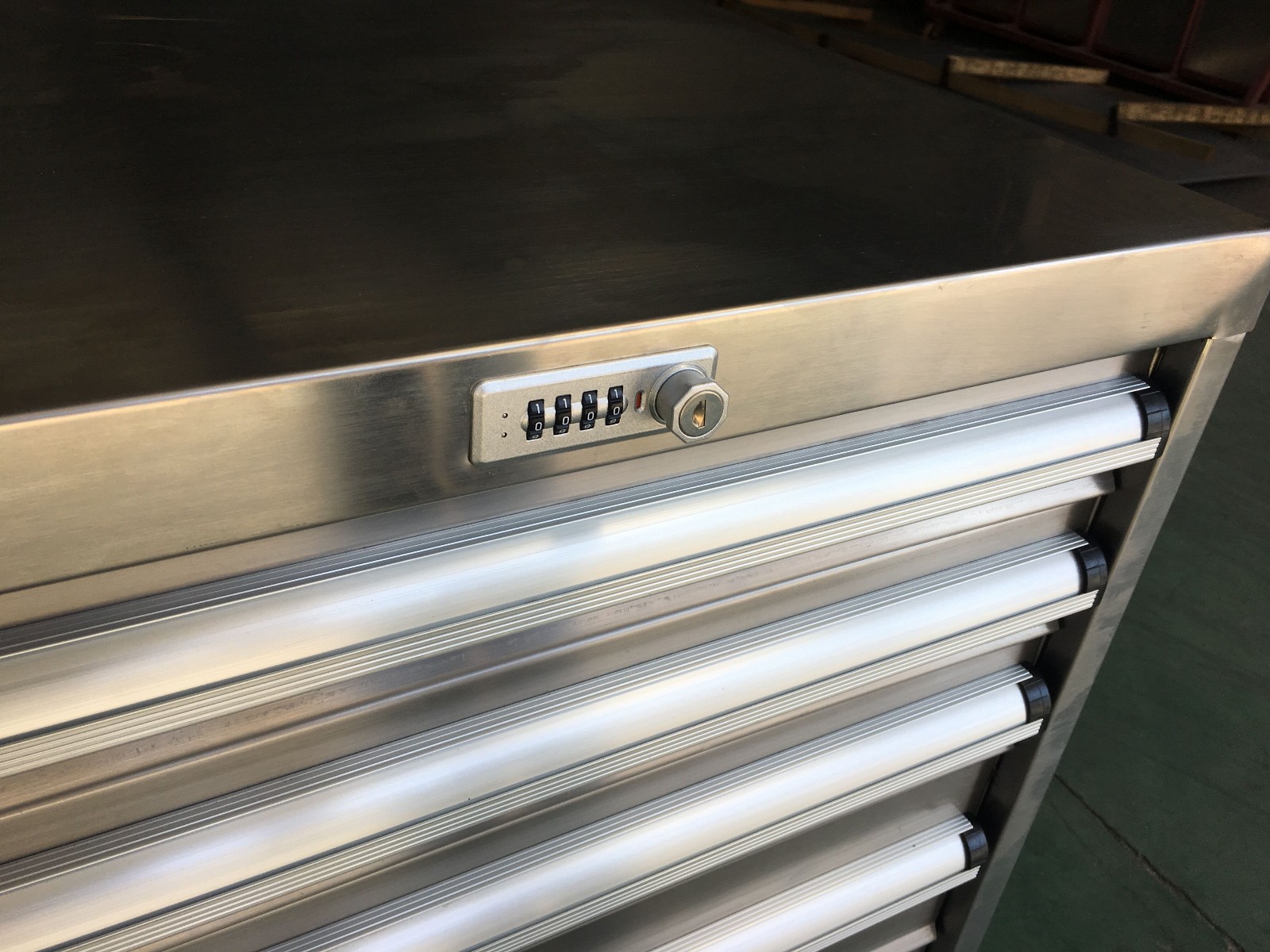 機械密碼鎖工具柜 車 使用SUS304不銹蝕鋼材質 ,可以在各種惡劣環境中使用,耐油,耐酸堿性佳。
__________
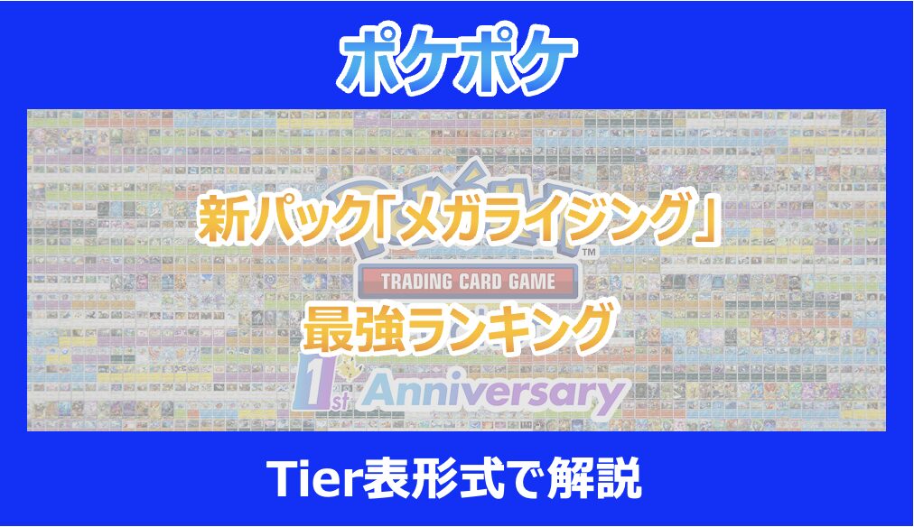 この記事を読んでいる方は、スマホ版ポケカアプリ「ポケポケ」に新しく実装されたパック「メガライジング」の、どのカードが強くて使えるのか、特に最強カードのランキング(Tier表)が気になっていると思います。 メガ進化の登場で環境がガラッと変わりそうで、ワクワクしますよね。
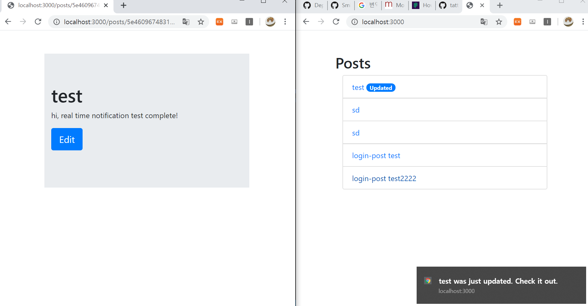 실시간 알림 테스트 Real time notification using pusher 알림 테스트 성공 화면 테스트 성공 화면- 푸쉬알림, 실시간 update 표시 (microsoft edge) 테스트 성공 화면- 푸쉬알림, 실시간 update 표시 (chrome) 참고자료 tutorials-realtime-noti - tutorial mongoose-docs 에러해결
__________
### The task
Each line above that falls between the line with "この記事を読んでいる方は、ス" and the line with "실시간 알림 테스트 Real" should be printed exactly, together with those two lines, but the pictures should not.

### Answer to the problem
 この記事を読んでいる方は、スマホ版ポケカアプリ「ポケポケ」に新しく実装されたパック「メガライジング」の、どのカードが強くて使えるのか、特に最強カードのランキング(Tier表)が気になっていると思います。 メガ進化の登場で環境がガラッと変わりそうで、ワクワクしますよね。
 실시간 알림 테스트 Real time notification using pusher 알림 테스트 성공 화면 테스트 성공 화면- 푸쉬알림, 실시간 update 표시 (microsoft edge) 테스트 성공 화면- 푸쉬알림, 실시간 update 표시 (chrome) 참고자료 tutorials-realtime-noti - tutorial mongoose-docs 에러해결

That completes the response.